IMMUNOCOMPROMISED people can use!

Can be difficult to produce - stabilisation of relevant antigen

Low immunogenecity - induce a weaker immune response by lacking pathogens full structure.

Requires adjuvants to enhance immune response - can introduce side effects.

Genetic code for antigen is inserted into yeast cell - allowed to ferment, mass produce and then lysed.

Question 38

What are the pros and cons of living attenuated vaccines

Answer 38

MMR, measles, mumps

Can provide lasting protection after single/two doses.
= Fewer doses
As closely mimics the natural infection

Induces humoral (IgG and cell mediated immunity)

Reduced cost.

In vulnerable individuals, there is a risk of reversion to pathogenic form.

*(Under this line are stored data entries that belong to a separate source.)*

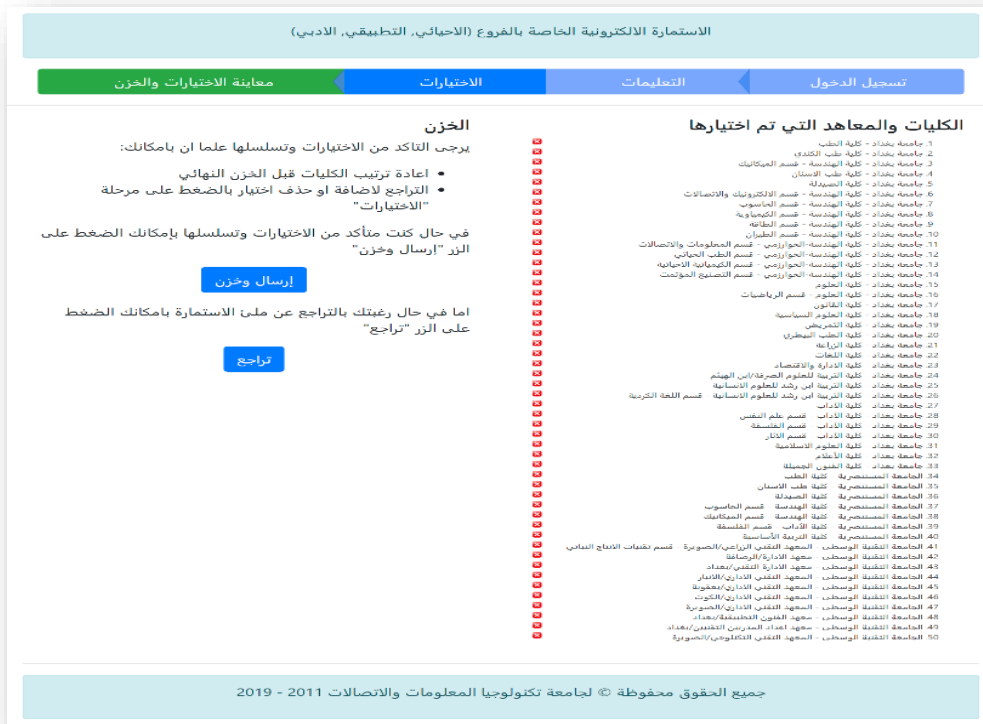
الشكل رقم (١٢)
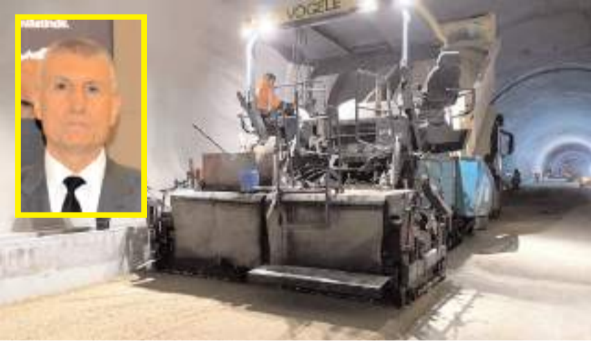
Tünellerin içinde asfalt çalışmaları yapılıyor.

Karayolları Bölge Müdürü Rifat Silov, Kırkdilim'de 3 tüp tünelin yapımının tamamlandığını ve üst yapı çalışmalarını kapsamında asfalt seriminin başladığını belirterek, tünelleri yaz aylarında tamamen trafiğe açmayı hedeflediklerini söyledi.
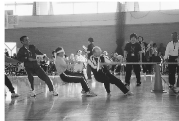
綱引き 赤組・白組 “よいしょ！よいしょ！”
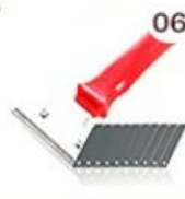
06 Perching Knife

Rquires freezing/freeze-drying.

Pathogen is grown in non-ideal conditions/genetically modified to reduce virulence.

Question 39

What are pros and cons of Inactivated vaccines?

Answer 39

DIPTHERIA

Cannot propagate.

Stable and easier to distribute.

However can require multiple shots and adjuvants.

Question 40

What is the process of an mRNA vaccine?

Answer 40

COVD-19 vaccine

mRNA expressing the antigen of interest/covid spike protein.

mRNA is modified so that it is more stable and avoids non-specific immune reactions..

mRNA encapsulated in vector of lipid nanoparticles

But requires very cold freezing storage.

Question 41

What are replicative vs non-replicative viruses vaccines?

Answer 41

Replicative viruses are modifeid, non-pathogenic forms of virus.

Virus penetrates cells to produce antigens.

= A living, attenuated vaccine.
= Measles

Non-replicative viruses are modified so that they do not replicate, but can still penetrate cells to produce antigens.

= Adenovirus.

Question 42

What are the benefits of vaccines?

Answer 42

Elimination of infectious agents - eradication of smallpox.

Radical reduction in high rate of mortality diseases…. Polio, measles.
Particularly for children.

Preventative - reduces use of antibiotics and other treatments.

Control of epidemics and protection against specific disease.

Question 43

What are and How to form inactivated vaccines?

Answer 43

Cholera vaccine

An inactivated/killed pathogen to trigger an immune response without causing disease.

Inactivated so it cannot replicate.

Formaledhyde, heat/radiation etc.

Question 44

What are toxoid vaccines?

Answer 44

Toxoid vaccines are attenuated, inactivated form of toxins used to prevent recipient from disease, but not infection…

Tetanus toxin - inactivated with formaledhyde.

Activation of B cell, IgG humoral response to antigenic part of toxoid.